Aides will write Benedict’s posts, but the pope himself will “engage and approve” the content. The pope will post messages however often he feels like it. . .
Asked whether the pope’s posts would be infallible, Msgr. Claudio Maria Celli, president of the Pontifical Council for Social Communications, laughed and said they would be part of the church Magisterium, or collective teaching, but should be considered “pearls of wisdom,” not exactly doctrine.
“In any case, it’s a papal teaching,” Monsignor Celli said. “The message is just entrusted to a new technology.”
What would you like to see the Pope tweet? Remember, you’re limited to 140 characters.
The Christian bible is not of divine origin, but that golden rule thing is pretty good.
#BIEBERISOURGOD
Don’t use condoms !
“Sorry 4 kid rapes & coverups, wrong about abortion, contracepn, homosex, sex in gnrl, so go ahead if you want.

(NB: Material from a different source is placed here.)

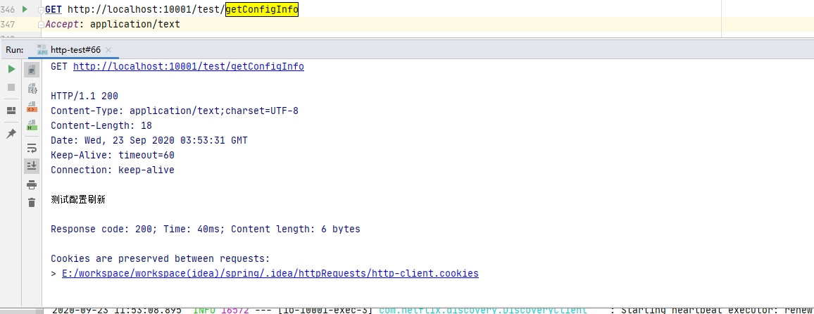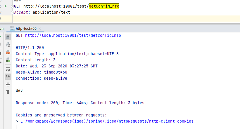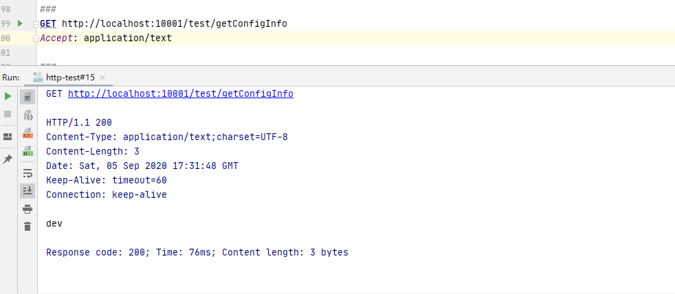 启动成功后,我们在idea的http工具中访问 http://localhost:10001/test/getConfigInfo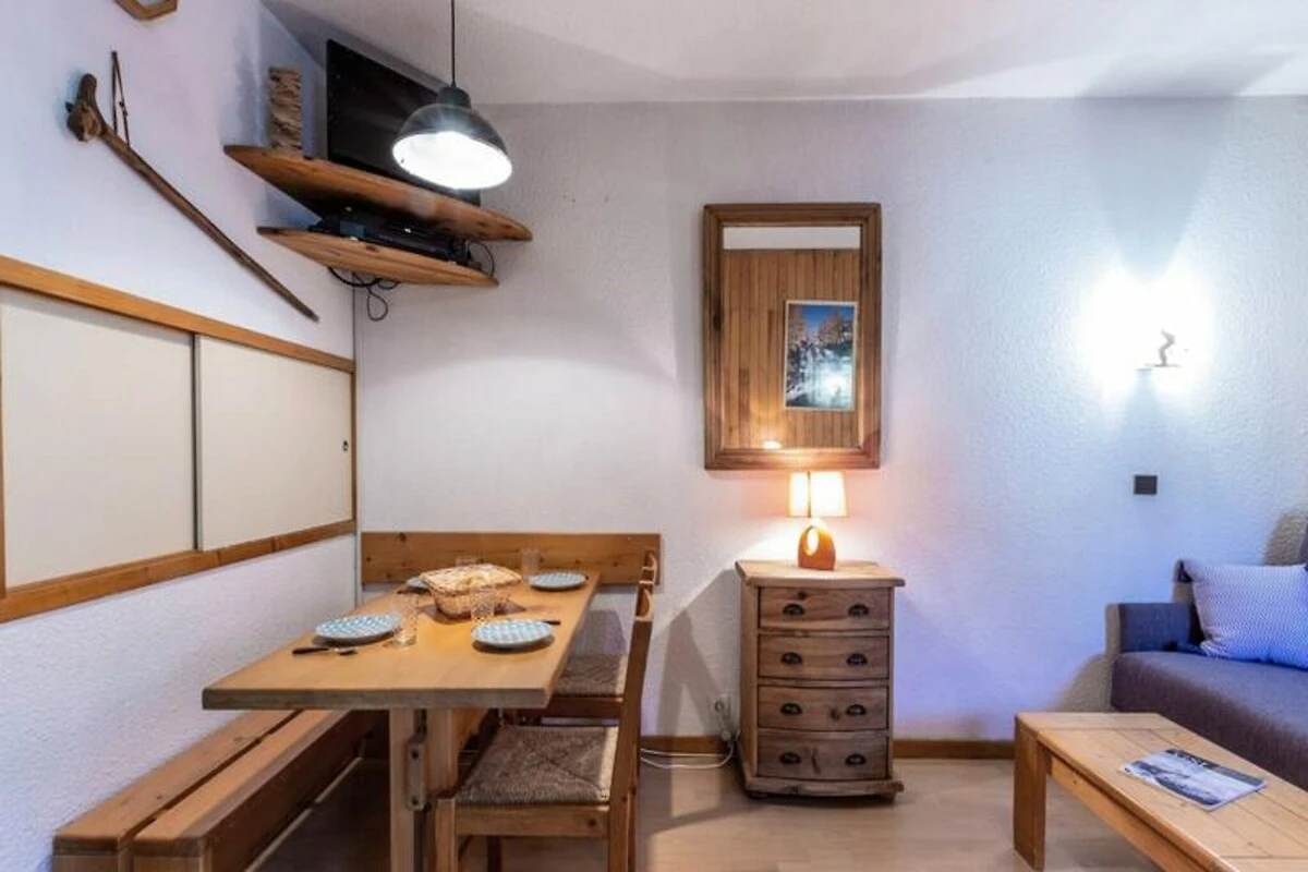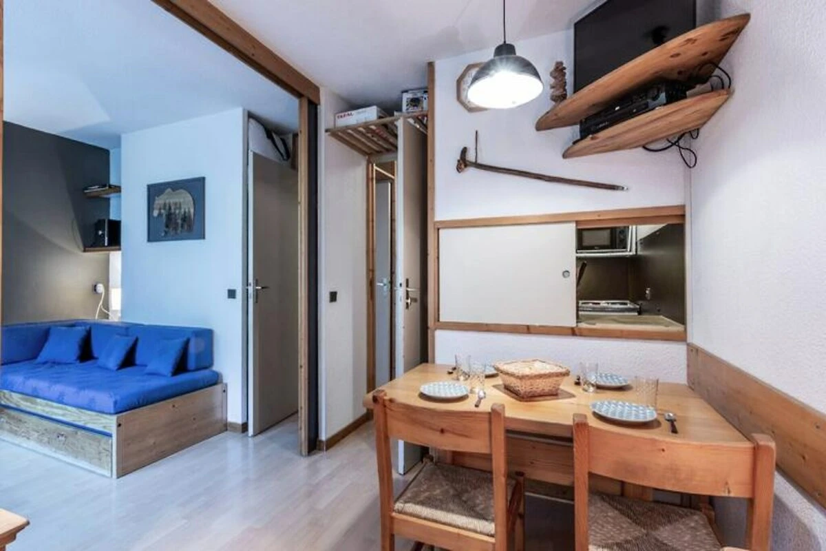 Nel cuore dell'incantevole villaggio di Les Coches, questo accogliente monolocale offre un delizioso rifugio alpino per un massimo di quattro persone. Situato al primo piano del residence La Traverse, l'appartamento combina comfort e praticità, rendendolo la scelta ideale per le vacanze invernali ed estive. Con la sua terrazza esposta a sud con vista sulla vivace Place du Carreau, vi immergerete nella vivace atmosfera di questa pittoresca località di montagna. Il monolocale di 27 m² è sapientemente progettato con una parete divisoria mobile, che crea uno spazio abitativo flessibile. Dispone di una zona notte con due letti singoli, una zona pranzo con divano letto e comfort moderni come TV, lettore DVD e impianto stereo. L'angolo cottura separato è completamente attrezzato con forno a microonde, lavastoviglie, piastre elettriche, frigorifero e persino un set per raclette per autentiche cene alpine. Un bagno, una toilette separata e un armadietto per gli sci contribuiscono alla praticità di questo appartamento ben arredato. Si prega di notare che la struttura è non fumatori, gli animali domestici sono ammessi con un piccolo supplemento e il Wi-Fi non è disponibile.\n\nSituato nel centro di Les Coches, il residence La Traverse si trova a pochi passi da ristoranti, bar, negozi e dalla scuola di sci ESF. La posizione ski-in/ski-out garantisce un facile accesso alle piste, mentre il vicino parcheggio coperto aggiunge comodità. In estate, la zona si trasforma in un paradiso per escursioni a piedi, in bicicletta ed esplorando i paesaggi mozzafiato delle Alpi francesi.\n\nChe siate attratti dall'emozione dello sci nel comprensorio Paradiski o dalla tranquillità delle estati alpine, questo monolocale offre una base perfetta per creare ricordi indimenticabili in montagna.

Golden Rule good, all else optional”
(I dunno: how much of Catholicism could one repeal in only 140 characters?)
“Oh, and we borrowed the GR from the secular Greeks. But don’t forget, homosex is still a no-no.”
The GR is also in Confucious; name a society that couldn’t work without the GR.
Another thing the Catholics took from the Classical Greeks was paedophilia; little suffering children.
My one millionth follower gets a free indulgence! #infallible
Pope tweets:
Finally using new technology! Next I’ll allow men to use condoms…lol. J/k!
This is going to be interesting. I imagine it’s rare for someone like the pope to hear what people really think of him. WIth anonymity and the distance of the internet it’s not going to be a polite profile. A huge palace, bullet resistant glass and enough gold to feed Africa can’t protect you from the abuse of the internet.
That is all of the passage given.